Indeed, breakthrough performance in one setting may not generalize: a fundus AI could achieve 93% sensitivity in Chinese hospitals, but in a high-myopia population it dropped to ~82% (pmc.ncbi.nlm.nih.gov). The high-myopia study noted that myopia changes the optic disc appearance and made glaucoma much harder for the AI to detect (pmc.ncbi.nlm.nih.gov). Likewise, differences in retina color or optic nerve structure between ethnicities can skew results. For example, one fundus model was accurate in Japanese eyes, but might underperform in African or European eyes if not retrained.

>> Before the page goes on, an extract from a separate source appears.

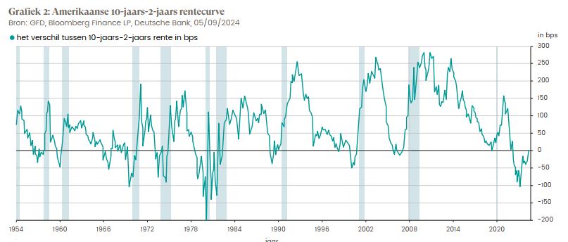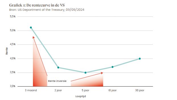 De tegenvallende economische cijfers in augustus waren voor veel beleggers het teken dat ook de VS niet van een recessie gespaard zou blijven, wat beleggers massaal naar obligaties deed vluchten. Voor het eerst in 25 maanden kwam zo de 2 jaars-rente terug in de buurt van de 10 jaars-rente (grafiek 1). De hoop wakkerde immers aan dat de centrale banken de rente in september 2024 zouden verlagen, wat intussen ook gebeurde. Voor de ECB betekende dit een tweede verlaging met 0,25% terwijl het voor de FED pas de

Researchers are actively developing bias mitigation strategies. One promising method is to explicitly balance feature importance across groups. A project called Fair Identity Normalization (FIN) did this for race and ethnicity in OCT-based glaucoma models (www.nature.com). Adding FIN lifted the overall AUC from 0.82 to 0.85, but more importantly it raised the AUC for Black patients from 0.77 to 0.82 (closing the gap with others) (www.nature.com). In another example, the FairDist progression model introduced an “equity-aware” learning layer so that gender and racial subgroups were weighted fairly. FairDist achieved the highest equity-scaled AUC among competing methods, meaning it was both accurate and balanced across subgroups (www.nature.com).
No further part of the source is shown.